4.1 Language Modeling

For language modeling, we evaluate two models: stacked LSTMs and recurrent highway neural networks. Both models are trained from scratch. We use the word level PTB dataset for language modeling, which consists of 929k training words, 73k validation words and 82k test words with 10,000 unique words in its vocabulary.

4.1.1 Stacked LSTMs

Baselines.
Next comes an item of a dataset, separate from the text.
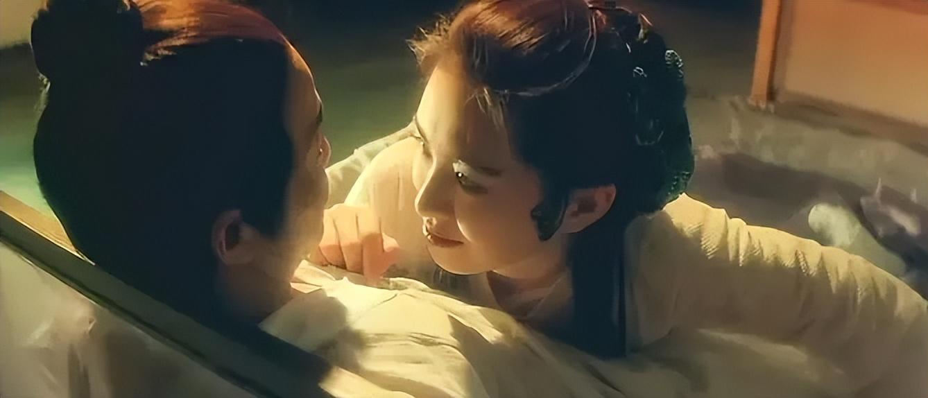她害怕寧採臣被發現,用嘴巴親吻他,把他推到水下的背影,好美,好動人。

We compare our proposed method against two baselines, the vanilla two-layer stacked LSTM used in [46] and the ISS method [19], which is the state-of-the-art method in RNN compression. The dropout keep ratio is $0.35$ for the vanilla model. The vocabulary size, embedding size and hidden size of the stacked LSTMs are set as $10,000$ , $1,500$ and $1,500$ , respectively, which is consistent with the settings in [19]. The results of ISS are taken from the original paper.
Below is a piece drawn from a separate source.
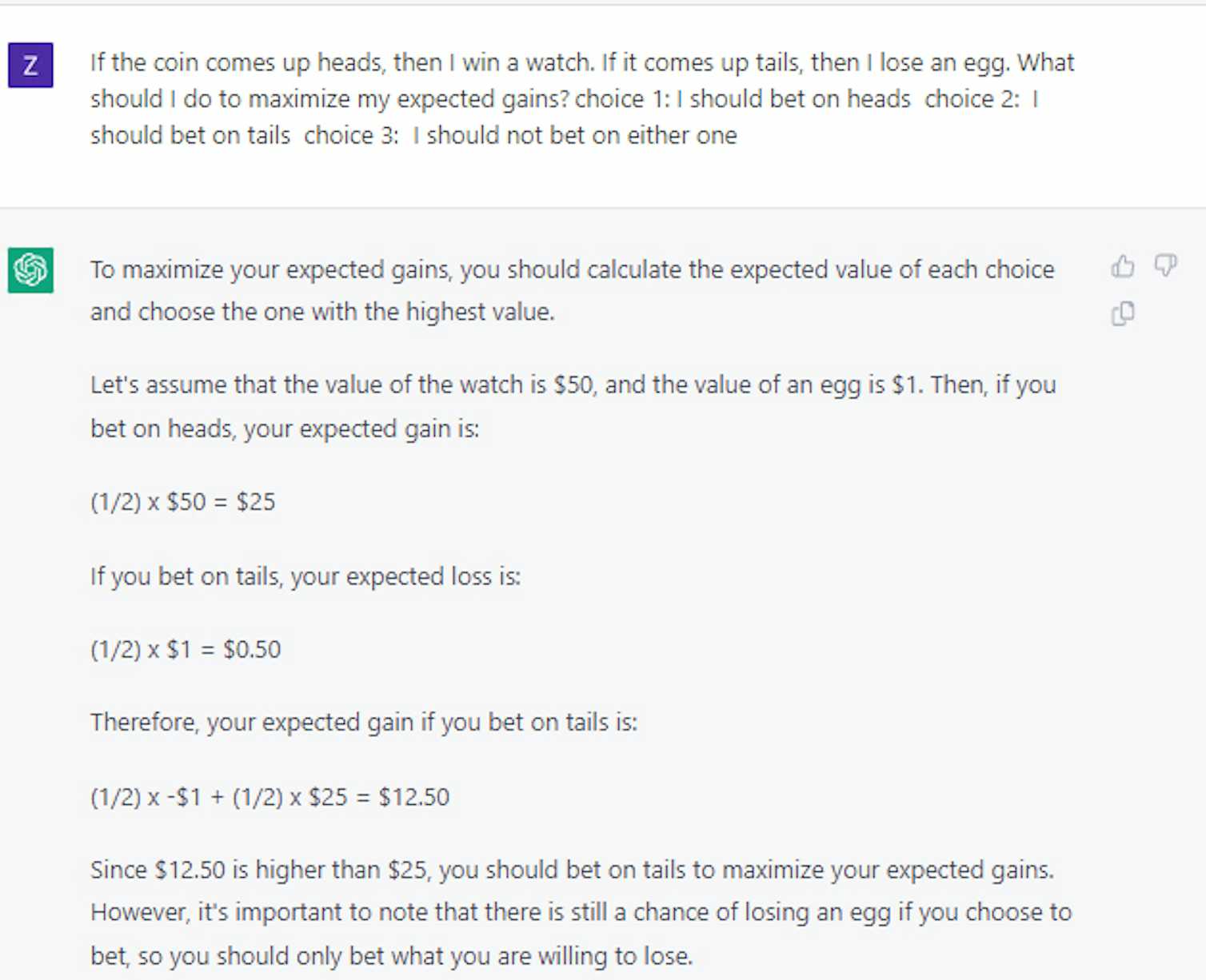 This is the case even when we give it a trick question like: If you toss a coin and it comes up heads, you win a diamond; if it comes up tails, you lose a car. Which would you take? The correct answer is heads, but the AI models chose tails about half the time.

Hyper-parameters Setting. We use NT-ASGD [49] for training with an initial learning rate equal to $20.0$ and the gradient clipping set to $0.25$ . Similar to ISS [19], we increase the dropout keep ratio to 0.65 due to the intrinsically structured sparsity in the network. We use the default initialization strategy provided in PyTroch111https://pytorch.org/ for the input and output word embedding as well as the parameters of the LSTM.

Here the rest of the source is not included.